Sleep-related memories that inspired change
Sandra Dodd, and others
A mom shared this memory:
In March, 2011, Holly Dodd (19) attended a six-hour workshop called Women and Creativity, on movement, emotion, memory and storytelling. She came back with a piece of writing. I have scanned the beginning and transcribed the rest.|
I am sitting comfortably with a convenient, safe place to rest my face. Safe. On my father's lap. I can feel the heat from a fire. I can hear voices—I can recognize many of them. I hear singing. I feel singing. The vibrations of my dad's baritone voice through his wool clothing. His breath. Also the feeling of my face held against his medium-length beard, and half on the wool he wears. Sounds and odor of the campfire. The same as any before and many since. My mother's nearby laugh. Relating sparks from our fire to stars in the night sky. Being old enough to get jokes cracked between songs. Knowing it is not only ok, but expected of me, to fall asleep. Right here where I already am. My dad will tuck me in when he is done holding me, and it will hardly be my business.

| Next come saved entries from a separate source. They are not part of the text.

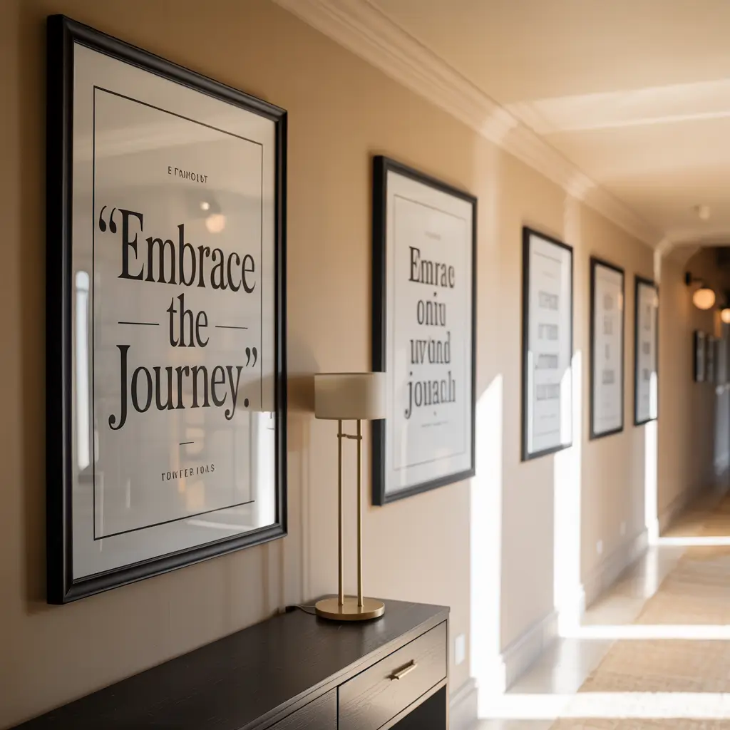 Choose fonts and frames that match your decor style. Modern, minimal typography in simple frames looks current and sophisticated. Handwritten or calligraphy styles work for more traditional spaces.
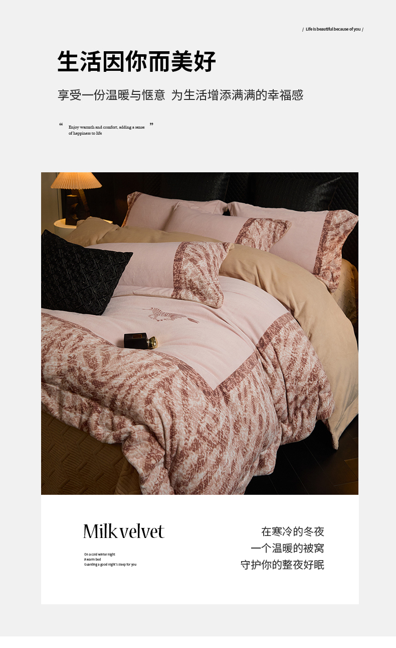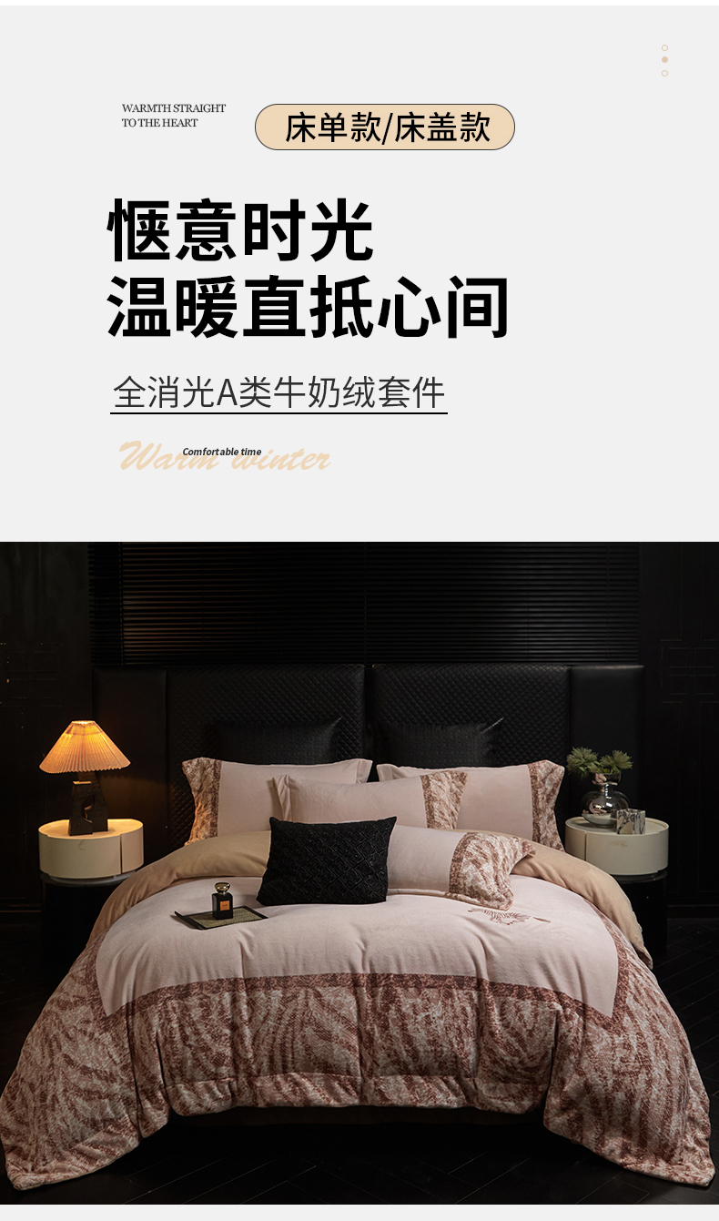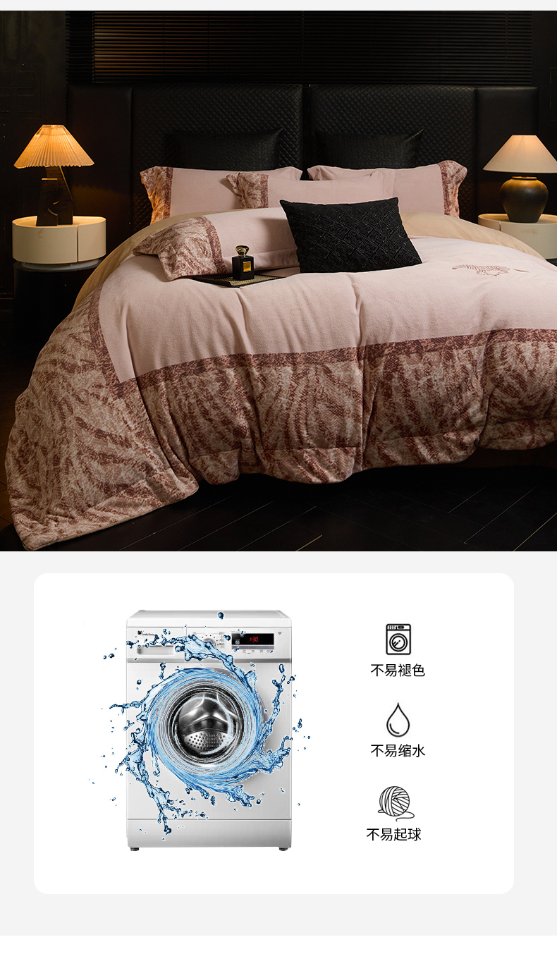 新方向 2025新款240克全消光A类数码印花牛奶绒四件套床盖款-卡仑 卡仑-香槟
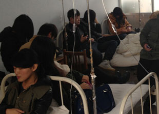 工作人員在為國Ⅲ排放標(biāo)準(zhǔn)的公交車安裝車用尾氣凈化裝置。

When I was 15, I woke up in the middle of the night with an excruciating pain in
my tummy. It was *agony*... and I lay in bed, in excruciating pain, crying
softly so I wouldn't be heard, for close to two hours, waiting for my mom to
wake up so I could tell her. I finally got brave and went *into her room* which we
had been trained NEVER to do, and woke her up, which we had been trained NEVER
to do, to tell her my stomach felt like there were knives going into it.
That reminded me of a night when I was about that age:
Her boyfriend cussed at me for waking him (until he saw I was in pain), and she
rolled her eyes at me. She actually said, "This better be good."
I had an ovarian cyst.
Once when I was fourteen or fifteen I had a REALLY terrible
nightmare. My room was dark. Windowless. It was a half-basement
canning room with one un-plastered adobe wall with selves on it, a
concrete floor, and the stairs up to the kitchen were really just two
big stairs. But it was so dark at night that I couldn't see any more
with my eyes open than with them closed. And usually I really liked
it. But this night, no.
Dola responded in quite a different vein, and that's also now on the co-sleeping page, here:
My parents slept in what would have been the dining room, if we hadn't
had six people in a two-bedroom house. I woke my mom up and said I
had had a bad dream. She said okay, sorry, go back to bed. I asked
if I could sleep on the couch, which was across in the living room,
same big room, in a way, and I could have seen them.
If she had said yes, that would have been the first time I had slept
near my parents that I could remember, ever. Even when we camped, the
kids were separate from the adults.
She said no, go back to bed.
Reading the mails on this thread about the memories of not being comforted
at night, fills my heart with sadness. I like to simply add here that, if
some of you on this list are making a change in not allowing this to happen
to your kids, it is great.
In India the children are used to sleeping in the same bed or room with
parents or grand moms. I specially love the warmth of my children's bodies
next to mine and their smell. The most enjoyable is the time we spent
giggling, sharing our feelings, and planning what we are going to do next
morning. And all this is done at sleep time in bed.
As for me, I still have fond memories of snuggling up to my grand mom (my
mother's mom). She was this huge and fat lady, with lots of soft flesh and
it felt like sleeping on the softest bed in the world. Since she spent most
her time in the kitchen, she smelt of rich Indian spices. Her clothes where
soft and white cotton (all widows wore this fabric during her time). I smile
every time I remember that.
And I hope my children also grow up with similar fond memories of bed time
and night time.
In response to Even when we camped, the kids were separate from the adults, "Almadoing" wrote:
This reminds me of how we got back to co sleeping when we discovered unschooling
(when my sons were about 5 and 3). We were living in a house that was on the
market, at the dramatic start of the housing slump, and so I didn't dare
implement co-sleeping straightaway (needing to present a master and second
bedroom to potential buyers). But near to moving time I asked the kids if, when
we got to the new house, they wanted us to all sleep in together "as if we were
camping". They LOVED the idea and we still sleep that way 2 1/2 years on.